In secondo luogo, dettando particolari discipline di carattere sostitutivo con riferimento a determinate fattispecie contrattuali; si pensi, a titolo specifico, a quanto previsto con riguardo ai contratti di locazione di palestre e piscine.

Secondo quanto previsto dall’art. 3, comma 6 bis, d.l. n. 6/2020, in particolare, il rispetto delle misure di contenimento di cui al decreto in parola deve essere sempre valutato ai fini dell’esclusione – ai sensi e per gli effetti degli artt. 1218 e 1223 c.c. – della responsabilità del debitore, anche relativamente all’applicazione di eventuali decadenze o penali connesse a ritardi od omessi pagamenti.

Secondo alcuni tale disposizione risulta pleonastica, posto che al fine di escludere la responsabilità del debitore sarebbe stato sufficiente l’art. 1218 c.c., non a caso richiamato dalla predetta disposizione.

In realtà, tale norma non appare del tutto superflua: essa, infatti, opera in senso rafforzativo rispetto alle prescrizioni ordinarie di cui alle norme richiamate, imponendo che il comportamento del debitore sia sempre valutato con riferimento alla necessità di adeguarsi alle misure di contenimento, e cioè a prescindere dal fatto che ciò abbia comportato l’impossibilità sopravvenuta della prestazione dovuta o comunque il sorgere di una responsabilità risarcitoria in capo a quest’ultimo, come nell’eventualità in cui, per esempio, abbia determinato solo un ritardo nell’esecuzione ovvero influito su eventuali decadenze o prescrizioni.

Si osserva, tuttavia, che la lettera della disposizione, la quale si limita a prevedere che il rispetto delle misure di contenimento debba essere valutato ai fini del giudizio di responsabilità del debitore, non consente di sancire l’esclusione di tale responsabilità.

Ne deriva, dunque, l’eventualità che il debitore possa comunque essere ritenuto responsabile del mancato adempimento della prestazione dovuta quando, sulla base di un criterio di ordinaria diligenza, avrebbe potuto ovviare, con opportuni accorgimenti non eccessivamente onerosi, alle prescrizioni imposte per il contenimento della pandemia ed eseguire ugualmente la prestazione oggetto dell’obbligazione.

Quanto al creditore, invece, a fronte dell’inadempimento del debitore, egli potrebbe usufruire del rimedio di cui all’art. 1460 c.c., ovvero della c.d. eccezione di inadempimento, al fine di paralizzare l’esecuzione della propria prestazione ed evitare così di dover adempiere nonostante il rischio di non ricevere la controprestazione. Tale strumento di autotutela contrattuale, d’altronde, è praticabile in presenza di un inadempimento oggettivo, a prescindere cioè dall’imputabilità o comunque dalla colpa del debitore.

Come detto, nell’esercizio dell’autonomia contrattuale loro riconosciuta e al fine di fronteggiare eventuali sopravvenienze, le parti possono predisporre una specifica tutela convenzionale, inserendo nel programma negoziale apposite clausole. Trattasi, nello specifico, di strumenti di adeguamento del contratto squilibrato ovvero di strumenti di rinegoziazione del suo contenuto, nonché di rimedi caducatori.
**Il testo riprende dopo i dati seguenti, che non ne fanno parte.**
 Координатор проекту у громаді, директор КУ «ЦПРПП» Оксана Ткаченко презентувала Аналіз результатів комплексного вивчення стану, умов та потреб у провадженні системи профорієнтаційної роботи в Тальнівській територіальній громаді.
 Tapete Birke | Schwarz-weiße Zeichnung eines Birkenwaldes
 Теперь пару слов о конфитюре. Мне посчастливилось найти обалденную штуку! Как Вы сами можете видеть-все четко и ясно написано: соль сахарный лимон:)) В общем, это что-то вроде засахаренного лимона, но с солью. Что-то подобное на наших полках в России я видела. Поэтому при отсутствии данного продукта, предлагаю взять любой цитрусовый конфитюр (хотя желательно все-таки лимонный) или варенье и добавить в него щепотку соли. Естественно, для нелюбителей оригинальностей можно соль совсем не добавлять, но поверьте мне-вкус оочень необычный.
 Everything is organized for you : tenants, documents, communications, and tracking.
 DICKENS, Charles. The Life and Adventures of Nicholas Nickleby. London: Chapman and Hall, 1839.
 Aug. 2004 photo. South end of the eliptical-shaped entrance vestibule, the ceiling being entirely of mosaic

I soggetti contraenti, in particolare, possono predisporre all’interno del negozio un meccanismo di adeguamento del suo contenuto al verificarsi della sopravvenienza, in modo tale che il contratto venga modificato nell’oggetto senza la necessità di una nuova espressione di volontà congiunta delle parti, bensì attraverso l’automatica applicazione di un oggettivo parametro di adeguamento (si pensi all’indice di prezzo di un determinato bene) o di una più complessa operazione matematica (si pensi alle clausole di indicizzazione o a quelle di garanzia monetaria), ovvero dell’intervento di un terzo arbitratore, al quale è attribuita la facoltà di procedere ad una rideterminazione quantitativa delle prestazioni (c.d. arbitraggio modificativo successivo del terzo).

Attraverso una clausola di modifica unilaterale del contratto, d’altra parte, le parti possono attribuire il potere di rideterminare il regolamento contrattuale in capo ad una di esse.
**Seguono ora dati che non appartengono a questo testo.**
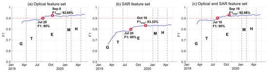 F1-score variations throughout phenological stages for three feature sets: (a) optical feature set, (b) SAR feature set, (c) integrated optical–SAR feature set. G—germination; T—tillering; E—elongation; M—maturity; H—harvest.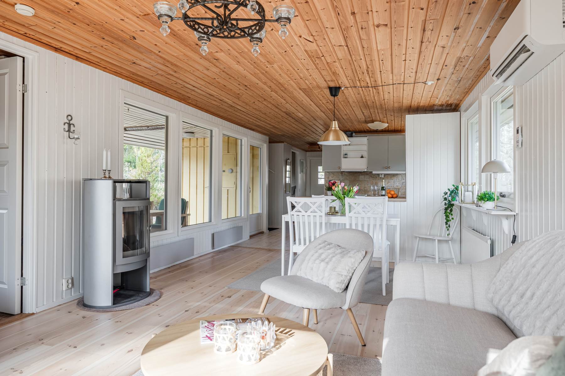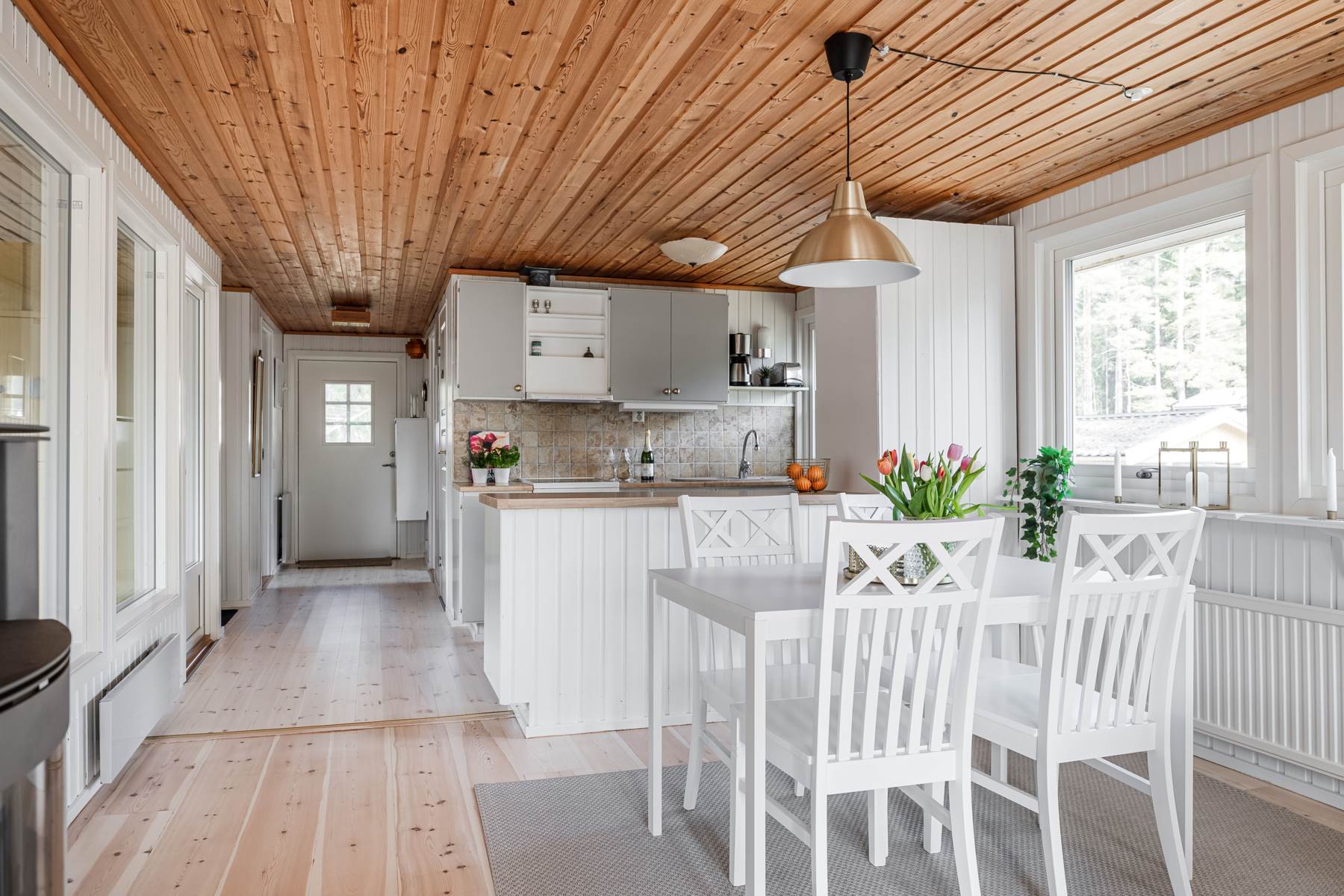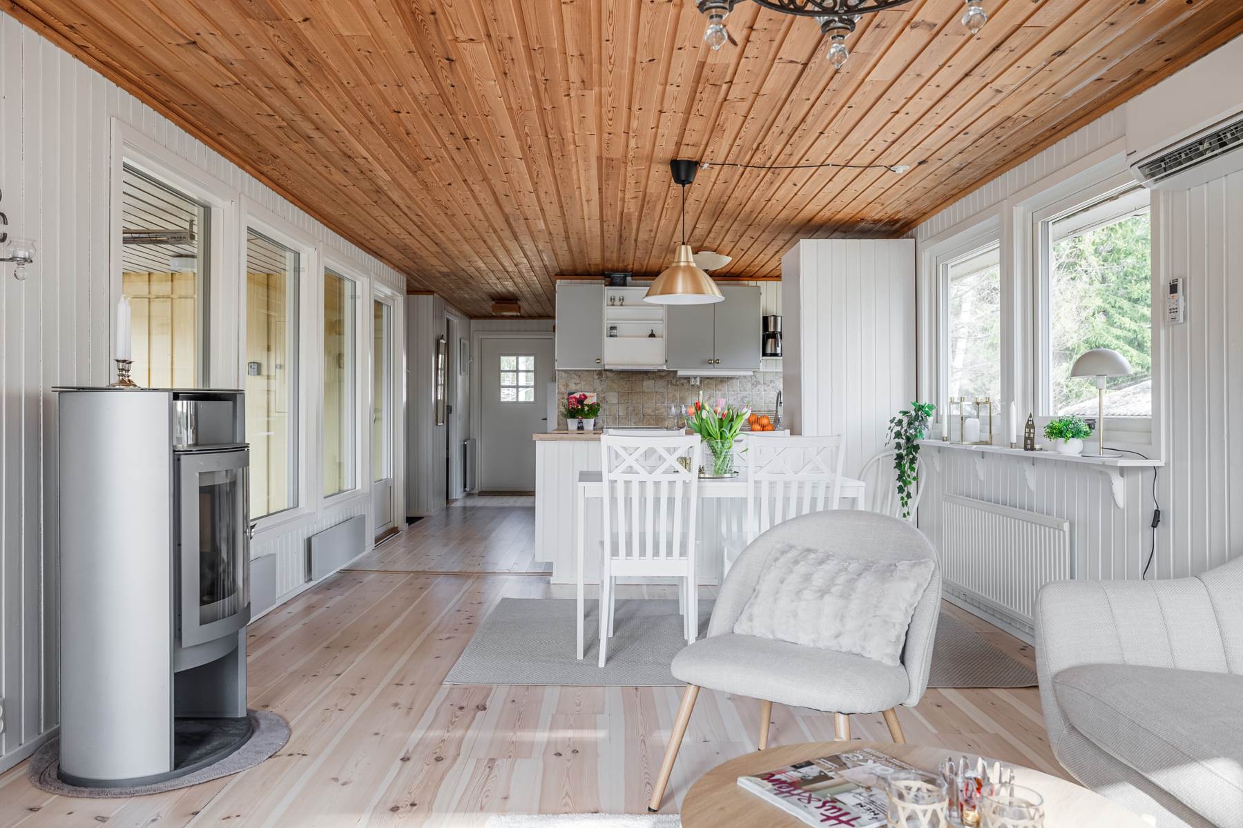 Välkomna till Hjortronvägen 26! I hjärtat av populära Kaggebo ligger denna solgula sommarstuga uppförd 1976. Stugan rymmer tre sovrum, varav det ena med plats för dubbelsäng. Storstugan och köket ligger i öppen planlösning och har nyligen målats i sobra skandinaviska färger, tillsammans med det nyinlagda furugolvet skapas en ljus och härlig plats att njuta av. Härifrån nås även altanen under tak, som ligger skyddat från insyn och med rofylld utsikt. På tomten finns en större gäststuga med plats för många bäddar, rymligt förråd samt utedass. Tomten som är en härlig mix av gräsmatta och naturtomt har gott om plats för bus och lek. På ett stenkast finns områdets fotbollsplan och på promenadavstånd nås de två havsbadplatserna i området och den samfällda pool-anläggningen med områdets sommarbutik och servering.

Tra gli strumenti di rinegoziazione, invece, particolare importanza è assunta dalle c.d. clausole di “hardship”, previste dal diritto internazionale, le quali sanciscono in capo ai contraenti particolari obblighi, tra i quali quello di informare l’altra parte della verificazione dell’evento che ne costituisce l’oggetto, il quale deve essere specificatamente individuato, e di attivare in tal caso una determinata procedura di rinegoziazione del contenuto contrattuale, della quale ne deve essere regolamentato lo svolgimento.

Tali clausole sono dunque finalizzate a garantire la salvezza del contratto squilibrato sulla base di un successivo incontro di volontà tra le parti, le quali possono pervenire alla sostituzione della pattuizione originaria con un nuovo accordo.
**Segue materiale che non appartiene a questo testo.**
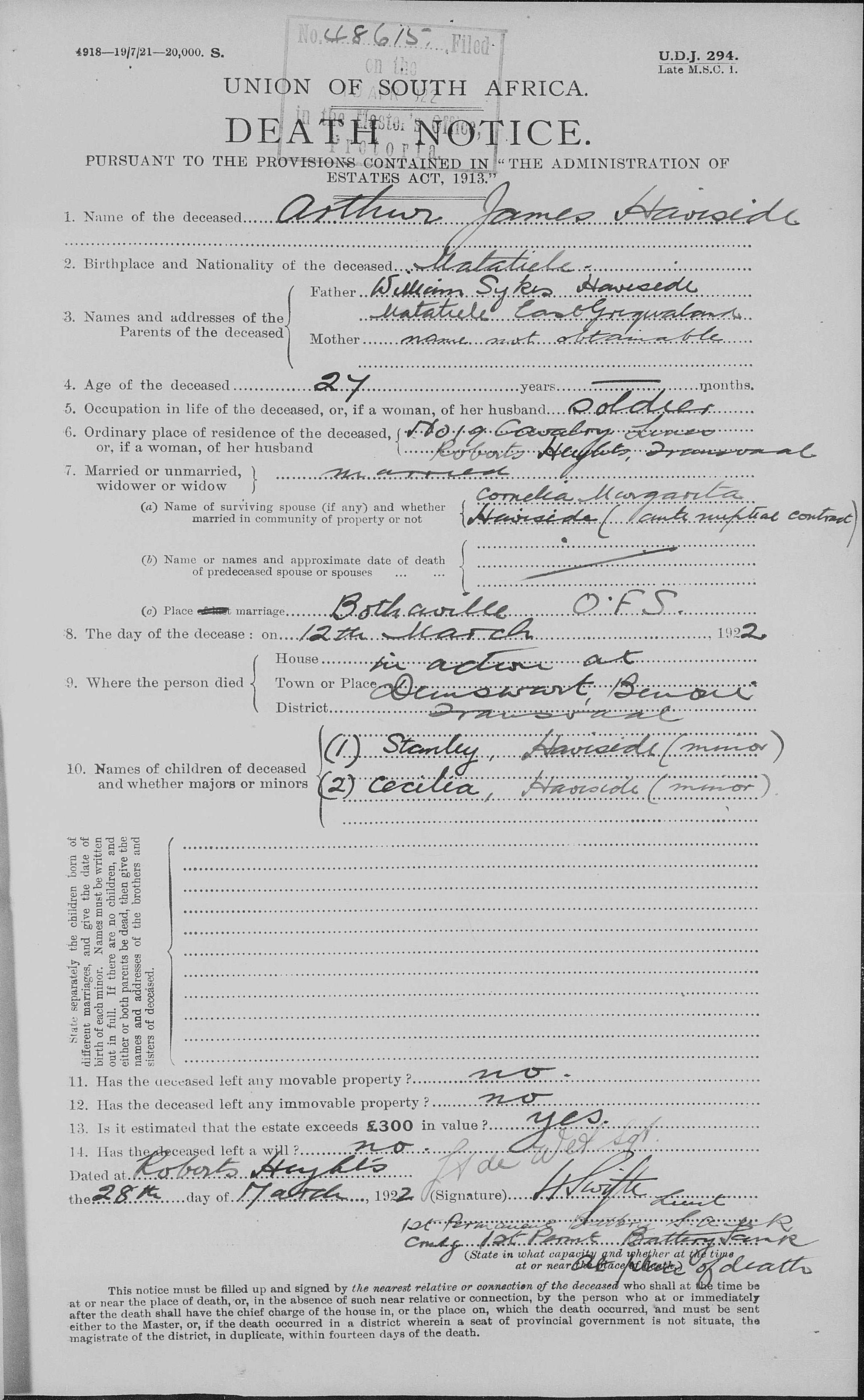 Son of William Sykes Haviside, of Uatatiele, East Griqualand. Husband of Margarita Cornelia (nee Burger) Haviside, of Roberts Heights, Pretoria. Born East Griqualand. |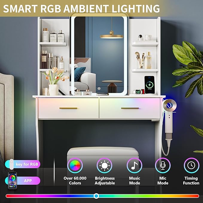 - 【Smart RGB Ambient Light】This white/black vanity is equipped with an RGB lighting system under the tabletop, which can be controlled via APP & button. With over 60,000 static colors available and multiple lighting modes, the system can synchronize to music for a stunning visual experience while you relax or entertain

L’obbligo di rinegoziazione, tuttavia, non deve essere confuso con quello di contrarre: le parti, infatti, non sono tenute ad addivenire alla conclusione del nuovo contratto, ma solo ad intavolare le relative trattative, le quali possono certamente avere esito negativo.

In ordine agli effetti derivanti dalla mancata conclusione di un nuovo accordo, si suole distinguere tra fallimento fisiologico, il quale ricorre quando le parti, pur agendo diligentemente, non riescono tuttavia a trovare un accordo, e fallimento patologico, il quale si verifica quando una parte si rifiuta di procedere alla rinegoziazione oppure vi partecipa in malafede, avanzando richieste abnormi o irragionevoli.

In caso di fallimento fisiologico, in particolare, le opzioni contemplate nella prassi delle clausole di “hardship” sono il recesso dalla pattuizione originaria a favore della parte colpita dalla sopravvenienza, oppure il deferimento ad un terzo arbitratore del compito di determinare quanto le parti non sono riuscite a concordare.

Diversamente accade, invece, nell’ipotesi di fallimento patologico delle trattative, il quale configura a tutti gli effetti un comportamento posto in essere in violazione della clausola e costituente dunque inadempimento contrattuale, come tale legittimante l’altra parte a chiedere la risoluzione del contratto per inadempimento ed il conseguente risarcimento del relativo danno.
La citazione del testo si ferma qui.